There is no good answer to how to resolve this trade-off. The most successful assemblers don't even try, rather use multiple k-mer sizes hoping that their complementary strengths will lead to the best of both worlds, reducing both false positives and false negatives simultaneously.
Most non-assembly analytical tools that use k-mers to analyze read sets, however, typically use a single k-mer size. In this case, carefully evaluating the trade-off between false positives and false negatives is important even if an assembly is never explicitly computed. The implicit overlaps between reads, even if not explicitly calculated by the tool, impact the estimation of abundances, thus the wrong choice for k may have negative downstream effects.

How about metagenomics

So far, the presentation has assumed that we are looking at sequencing reads from one genome. What if the reads come from many different genomes (which is the case in metagenomics applications), or even just the different haplotypes of a eukaryotic genome?

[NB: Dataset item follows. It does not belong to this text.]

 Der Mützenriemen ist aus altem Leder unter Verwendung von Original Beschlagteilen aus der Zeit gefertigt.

All the considerations described above still apply, with some caveats. Depending on what you are looking for, the genomes themselves can be viewed as repeats, for example if you are trying to figure out the different strains of E. coli found in a stool sample, or to characterize the parental alleles of a eukaryotic genome. The size of the "repeats" handled by the assembler is, thus, substantially larger than for single genomes/haplotypes, making assembly much harder. If you don't believe me, try to see how many "haplotype-resolved" genomes you can find in public databases.
The "error" rate that you must tolerate is also different in mixed samples, as you must now contend not just with experimental errors in the sequencing process, but also with strain variation within the sample. These two factors induce differences between reads that must be tolerated by the assembler and that are not easy to tell apart from each other.

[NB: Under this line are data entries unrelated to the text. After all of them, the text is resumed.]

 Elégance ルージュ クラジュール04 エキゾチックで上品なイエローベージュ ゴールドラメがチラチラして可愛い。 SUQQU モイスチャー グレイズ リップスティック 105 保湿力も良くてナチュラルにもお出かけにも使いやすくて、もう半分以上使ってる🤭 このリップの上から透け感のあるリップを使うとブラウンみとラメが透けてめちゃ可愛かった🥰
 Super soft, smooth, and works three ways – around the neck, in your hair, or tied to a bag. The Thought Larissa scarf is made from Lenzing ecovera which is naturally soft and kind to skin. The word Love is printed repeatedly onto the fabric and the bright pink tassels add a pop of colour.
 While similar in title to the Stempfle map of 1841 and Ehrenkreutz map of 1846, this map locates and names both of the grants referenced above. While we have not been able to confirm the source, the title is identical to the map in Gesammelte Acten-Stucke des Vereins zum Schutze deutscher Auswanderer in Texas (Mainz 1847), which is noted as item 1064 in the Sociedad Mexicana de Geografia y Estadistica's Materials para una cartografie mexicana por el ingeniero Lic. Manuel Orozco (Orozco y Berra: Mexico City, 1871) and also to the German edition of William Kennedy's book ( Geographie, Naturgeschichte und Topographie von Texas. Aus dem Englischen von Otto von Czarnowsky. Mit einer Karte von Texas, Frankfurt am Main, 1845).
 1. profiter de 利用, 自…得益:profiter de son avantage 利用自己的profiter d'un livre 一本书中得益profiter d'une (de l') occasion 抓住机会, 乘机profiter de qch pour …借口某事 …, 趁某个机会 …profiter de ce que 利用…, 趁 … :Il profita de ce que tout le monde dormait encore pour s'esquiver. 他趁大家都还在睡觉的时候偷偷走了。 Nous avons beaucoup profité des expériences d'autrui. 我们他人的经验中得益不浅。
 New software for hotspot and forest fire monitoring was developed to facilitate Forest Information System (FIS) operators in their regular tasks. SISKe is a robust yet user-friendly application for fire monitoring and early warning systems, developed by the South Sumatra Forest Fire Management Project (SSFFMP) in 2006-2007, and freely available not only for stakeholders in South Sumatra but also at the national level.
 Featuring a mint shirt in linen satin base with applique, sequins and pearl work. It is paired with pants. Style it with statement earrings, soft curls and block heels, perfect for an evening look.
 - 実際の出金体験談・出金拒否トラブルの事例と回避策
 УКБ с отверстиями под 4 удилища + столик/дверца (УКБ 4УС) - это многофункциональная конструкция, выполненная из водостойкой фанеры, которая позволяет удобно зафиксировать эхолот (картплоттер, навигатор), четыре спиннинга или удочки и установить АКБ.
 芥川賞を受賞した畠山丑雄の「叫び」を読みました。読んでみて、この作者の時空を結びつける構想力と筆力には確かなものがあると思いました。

Thus, for metagenomic or polyploid samples, you may have to use lower values for k in your analyses than you would when looking at single genomes. Better yet, perform multiple analyses with different values of k and compare the results.


I hope that this page gives you a better idea for how k-mers are related to the information they can give you about the data contained in a set of reads, and the key factors that impact k-mer choice. When analyzing your own data, don't just copy the parameters used in other studies, but use the ideas described above to determine whether the key features of your data match those in these other studies, and adjust the analysis parameters accordingly.